Initially, TTS didn't know that Mr. Marcus had already seen his personal physician and had been diagnosed and treated for syphilis.
Mr. Marcus: "Unfortunately, the way this industry works and the way this testing starts to unfold, there was no doctor at TTS to talk to. You're dealing with two clinicians. And I had this rapport with them that was very casual, very conversational, like, 'Hey Marcus, here's your test. You might want to do something about that.' Well I did and it's always going to show up like that. So they can't really help me. I took three tests and it kept coming up and I was like what the hell. I kept waiting for the medicine to wipe it out completely. So the third time around, they gave me this card and said you might want to contact this doctor. But I was already dealing with my own physician. Any time I had any questions or anything, I would call him, 'Like what's going on with my test. I took this and I went and re-tested and my blood is still showing that it's in there.' And then I asked him about side effects. I asked him, 'Is there anything that still shows I have it in my system?' He said, 'You got the one shot, you're fine.' And that's pretty much the attitude that every doctor that I talked to [had]. I even went back to the place where I got the medicine and I got the shot. And the place where I saw the doctor are two different places. And I even went back to the medicine place to get another shot because I thought it wasn't working. And that doctor says, 'You don't need another shot. You're fine.' So I walked out of there without getting another shot."
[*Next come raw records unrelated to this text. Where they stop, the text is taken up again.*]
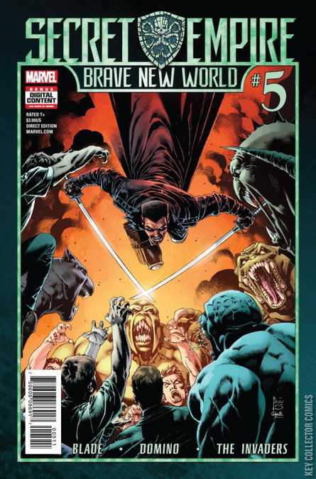 "LESSONS" / "SUPERHOT" / SANCTUARY, PART 5 With the Darkforce dome blocking all sunlight, Manhattan has a vampire problem. But the vampires are about to have a BLADE problem! As soldiers of fortune go, DOMINO’s services aren’t cheap…but when her target’s this personal, you bet this bullet’s on the house. And deep beneath the sea, the INVADERS’ struggle reaches its climax! Starring BLADE, DOMINO and the INVADERS!
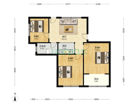 以上户型图为房源参考图,其中户型结构及面积并非按国家专业测绘活动所得,与真实现状及产权证明呈现的面积存在差异,仅供参考,请以产权证明或专业机构测量结果为准。
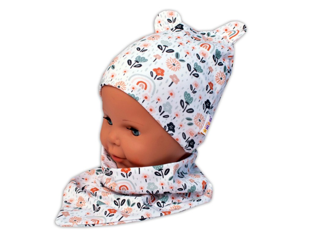 Baby Nellys Dvouvrstvá čepice s oušky + šátek Palouček, smetanová

Mr. Marcus told XBIZ that he doesn't deserve the blame for bringing "syphilis into [the adult] industry", and believes he was infected on a set, not in his personal life.
Mr. Marcus: "I didn't give it to myself, No. 1. I had no symptoms. I had been testing frequently like everybody else."
Marcus wants to continue "doing business" in the adult industry.
Mr. Marcus: "I wish I would've brought up my personal medical records first-hand, and used that to show the steps I'm taking or took. I just would've handled it differently. That's it. I just would've done things differently. I didn't have nothing to be ashamed of, but I instantly felt it. I felt like this is something that I can't share with anybody."